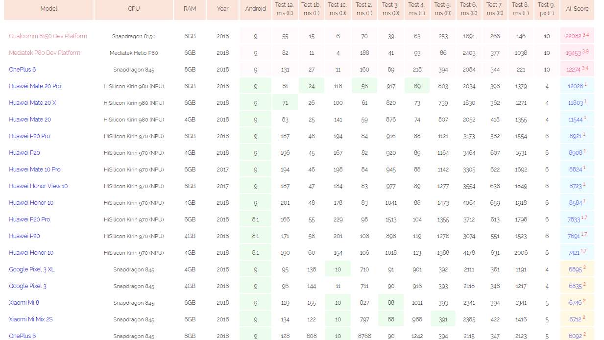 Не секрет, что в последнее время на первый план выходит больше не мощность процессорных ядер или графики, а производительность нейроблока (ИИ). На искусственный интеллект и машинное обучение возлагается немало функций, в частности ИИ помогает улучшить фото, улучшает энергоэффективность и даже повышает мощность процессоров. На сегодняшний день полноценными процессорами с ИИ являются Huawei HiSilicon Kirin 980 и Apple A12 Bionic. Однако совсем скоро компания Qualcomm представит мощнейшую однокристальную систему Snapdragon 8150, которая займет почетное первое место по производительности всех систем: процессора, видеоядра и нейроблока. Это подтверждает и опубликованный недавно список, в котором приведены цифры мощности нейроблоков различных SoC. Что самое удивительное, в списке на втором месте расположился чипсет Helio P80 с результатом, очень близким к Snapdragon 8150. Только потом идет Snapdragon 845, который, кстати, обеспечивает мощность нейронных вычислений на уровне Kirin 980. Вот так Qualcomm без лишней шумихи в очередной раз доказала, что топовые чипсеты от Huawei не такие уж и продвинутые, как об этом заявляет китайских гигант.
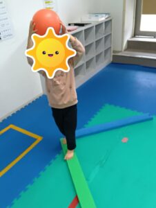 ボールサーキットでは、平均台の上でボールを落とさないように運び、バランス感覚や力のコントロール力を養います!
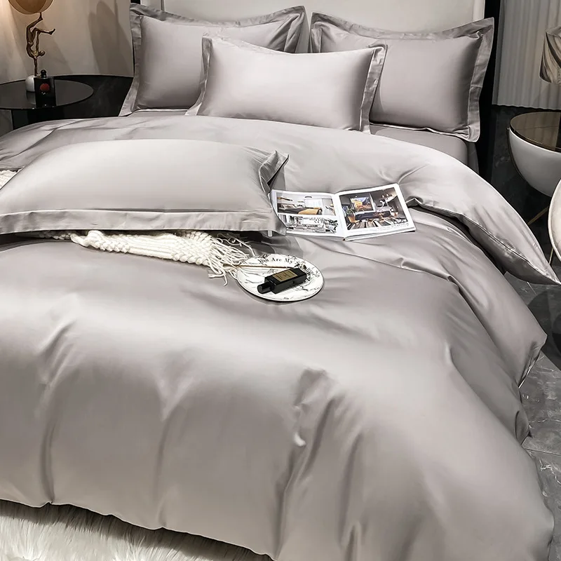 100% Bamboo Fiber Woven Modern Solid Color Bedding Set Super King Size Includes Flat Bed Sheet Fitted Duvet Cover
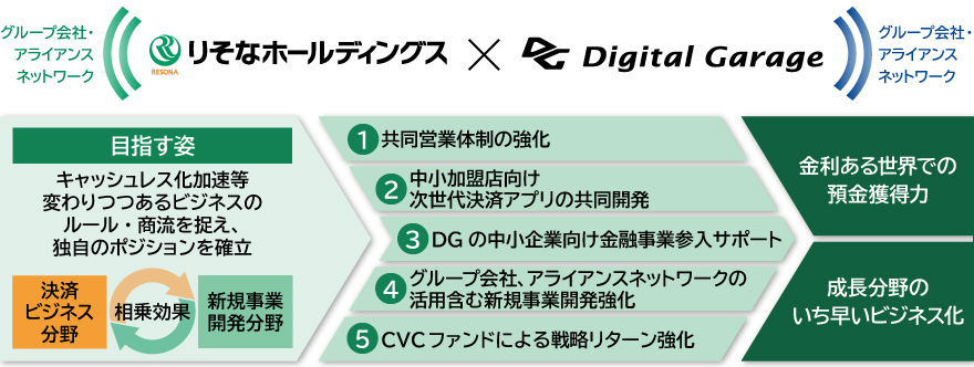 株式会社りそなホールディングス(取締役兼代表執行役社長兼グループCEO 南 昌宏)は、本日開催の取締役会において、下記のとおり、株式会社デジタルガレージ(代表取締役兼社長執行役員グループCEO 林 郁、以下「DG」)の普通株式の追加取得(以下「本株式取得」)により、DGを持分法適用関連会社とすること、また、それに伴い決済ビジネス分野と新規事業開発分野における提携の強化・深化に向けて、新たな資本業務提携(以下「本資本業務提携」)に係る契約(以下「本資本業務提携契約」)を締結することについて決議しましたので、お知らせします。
--
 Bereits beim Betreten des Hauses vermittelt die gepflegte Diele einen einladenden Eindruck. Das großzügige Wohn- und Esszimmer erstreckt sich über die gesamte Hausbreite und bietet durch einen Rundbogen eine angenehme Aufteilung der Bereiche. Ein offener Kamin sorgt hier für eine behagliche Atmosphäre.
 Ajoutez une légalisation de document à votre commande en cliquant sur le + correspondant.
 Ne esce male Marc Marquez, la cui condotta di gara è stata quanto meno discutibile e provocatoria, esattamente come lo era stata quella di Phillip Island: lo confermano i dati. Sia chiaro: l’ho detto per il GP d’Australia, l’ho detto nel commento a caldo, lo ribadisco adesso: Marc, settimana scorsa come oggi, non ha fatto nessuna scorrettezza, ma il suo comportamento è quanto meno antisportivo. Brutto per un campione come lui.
* * *
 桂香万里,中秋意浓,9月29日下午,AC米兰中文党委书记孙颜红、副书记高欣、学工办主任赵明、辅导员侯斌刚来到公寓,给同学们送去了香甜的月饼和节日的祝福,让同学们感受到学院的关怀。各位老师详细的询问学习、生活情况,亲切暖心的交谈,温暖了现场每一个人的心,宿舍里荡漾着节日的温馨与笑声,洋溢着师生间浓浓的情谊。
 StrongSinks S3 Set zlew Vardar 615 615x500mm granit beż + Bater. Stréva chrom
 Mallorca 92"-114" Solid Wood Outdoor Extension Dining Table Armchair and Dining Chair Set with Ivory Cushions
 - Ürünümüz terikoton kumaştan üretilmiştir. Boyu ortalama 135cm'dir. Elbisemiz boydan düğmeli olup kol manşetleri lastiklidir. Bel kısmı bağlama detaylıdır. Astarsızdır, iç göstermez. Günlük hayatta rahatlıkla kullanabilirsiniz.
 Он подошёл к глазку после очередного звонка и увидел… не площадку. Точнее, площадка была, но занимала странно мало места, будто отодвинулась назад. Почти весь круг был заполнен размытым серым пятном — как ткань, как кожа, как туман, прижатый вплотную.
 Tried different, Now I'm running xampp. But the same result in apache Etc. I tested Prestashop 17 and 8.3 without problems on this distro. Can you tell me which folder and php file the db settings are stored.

## Task brief:
Output the lines above between the one holding "桂香万里,中秋意浓,9月29" and the one holding "- Ürünümüz terikoton", inclusive, with nothing before or after them.

## Response box:
 桂香万里,中秋意浓,9月29日下午,AC米兰中文党委书记孙颜红、副书记高欣、学工办主任赵明、辅导员侯斌刚来到公寓,给同学们送去了香甜的月饼和节日的祝福,让同学们感受到学院的关怀。各位老师详细的询问学习、生活情况,亲切暖心的交谈,温暖了现场每一个人的心,宿舍里荡漾着节日的温馨与笑声,洋溢着师生间浓浓的情谊。
 StrongSinks S3 Set zlew Vardar 615 615x500mm granit beż + Bater. Stréva chrom
 Mallorca 92"-114" Solid Wood Outdoor Extension Dining Table Armchair and Dining Chair Set with Ivory Cushions
 - Ürünümüz terikoton kumaştan üretilmiştir. Boyu ortalama 135cm'dir. Elbisemiz boydan düğmeli olup kol manşetleri lastiklidir. Bel kısmı bağlama detaylıdır. Astarsızdır, iç göstermez. Günlük hayatta rahatlıkla kullanabilirsiniz.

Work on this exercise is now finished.